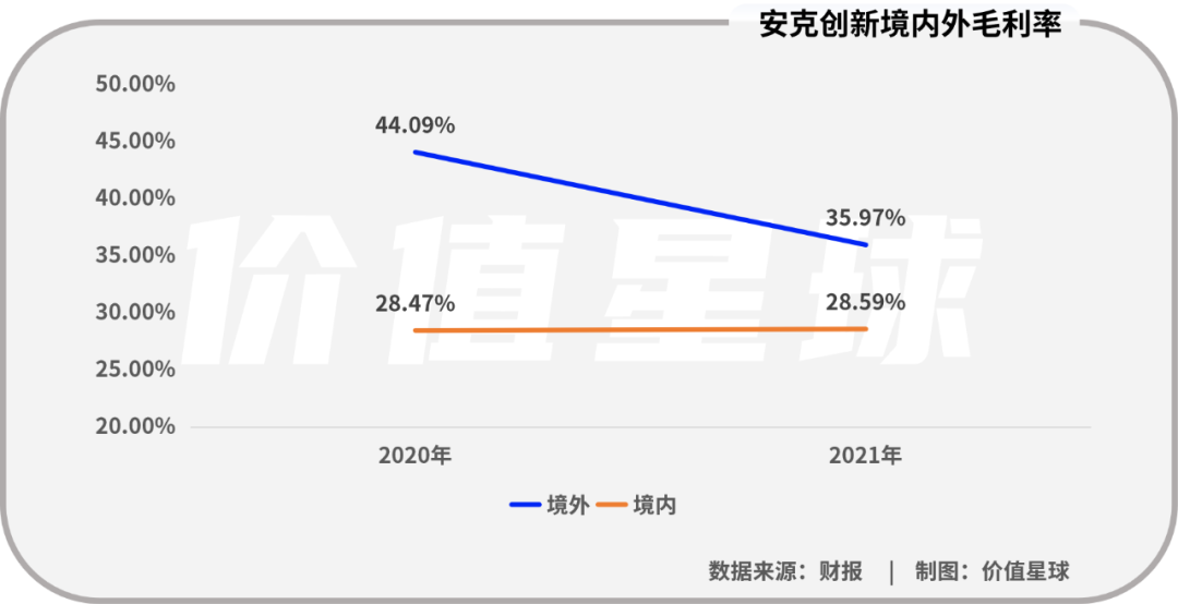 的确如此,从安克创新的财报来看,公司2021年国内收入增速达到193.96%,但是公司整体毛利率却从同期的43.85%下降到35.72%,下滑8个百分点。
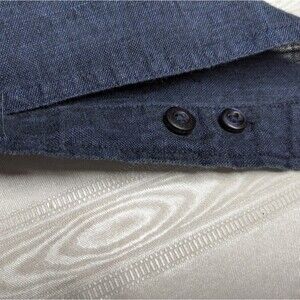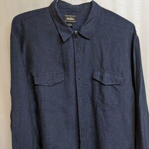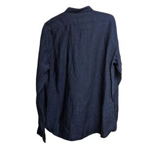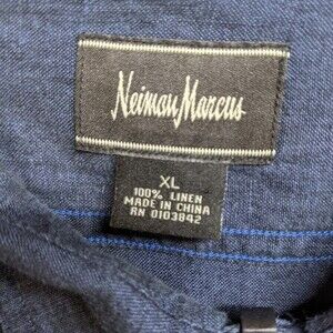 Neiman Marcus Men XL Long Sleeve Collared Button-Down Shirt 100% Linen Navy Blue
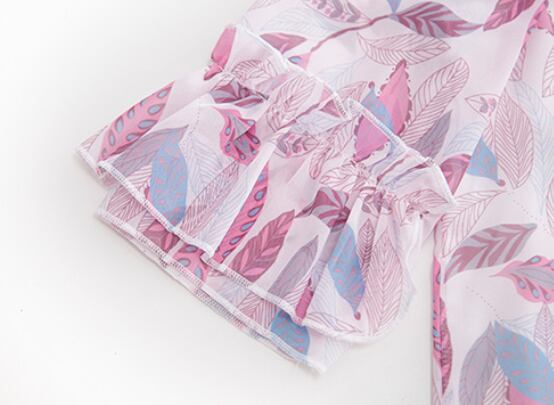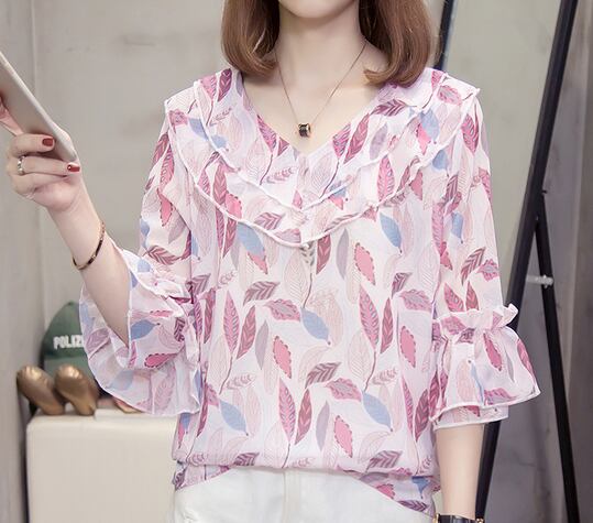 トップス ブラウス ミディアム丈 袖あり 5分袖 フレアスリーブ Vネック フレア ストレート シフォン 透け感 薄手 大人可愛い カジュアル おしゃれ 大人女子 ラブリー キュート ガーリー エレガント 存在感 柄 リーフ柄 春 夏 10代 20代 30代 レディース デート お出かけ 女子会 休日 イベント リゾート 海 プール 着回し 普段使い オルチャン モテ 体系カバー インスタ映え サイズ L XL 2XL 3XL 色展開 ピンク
* * *
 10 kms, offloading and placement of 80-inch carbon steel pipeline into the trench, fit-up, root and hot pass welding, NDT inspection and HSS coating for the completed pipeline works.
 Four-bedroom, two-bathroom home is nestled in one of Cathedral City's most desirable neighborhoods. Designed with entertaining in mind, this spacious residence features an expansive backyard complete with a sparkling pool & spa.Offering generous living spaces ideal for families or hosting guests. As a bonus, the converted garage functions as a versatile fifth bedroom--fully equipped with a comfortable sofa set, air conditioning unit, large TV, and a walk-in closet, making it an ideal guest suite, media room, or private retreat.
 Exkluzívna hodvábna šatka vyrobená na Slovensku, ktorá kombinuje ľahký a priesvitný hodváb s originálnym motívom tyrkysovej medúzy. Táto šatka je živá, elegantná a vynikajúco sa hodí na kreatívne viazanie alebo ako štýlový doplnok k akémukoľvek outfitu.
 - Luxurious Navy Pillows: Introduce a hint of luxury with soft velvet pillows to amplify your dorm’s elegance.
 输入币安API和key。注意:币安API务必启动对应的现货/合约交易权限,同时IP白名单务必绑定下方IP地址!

→ **Work required**
Set down again, word for word, the stretch of records from the line with "Exkluzívna hodvábna šatka" to the line with "输入币安API和key。注意", both of those lines included.

→ **Response area**
 Exkluzívna hodvábna šatka vyrobená na Slovensku, ktorá kombinuje ľahký a priesvitný hodváb s originálnym motívom tyrkysovej medúzy. Táto šatka je živá, elegantná a vynikajúco sa hodí na kreatívne viazanie alebo ako štýlový doplnok k akémukoľvek outfitu.
 - Luxurious Navy Pillows: Introduce a hint of luxury with soft velvet pillows to amplify your dorm’s elegance.
 输入币安API和key。注意:币安API务必启动对应的现货/合约交易权限,同时IP白名单务必绑定下方IP地址!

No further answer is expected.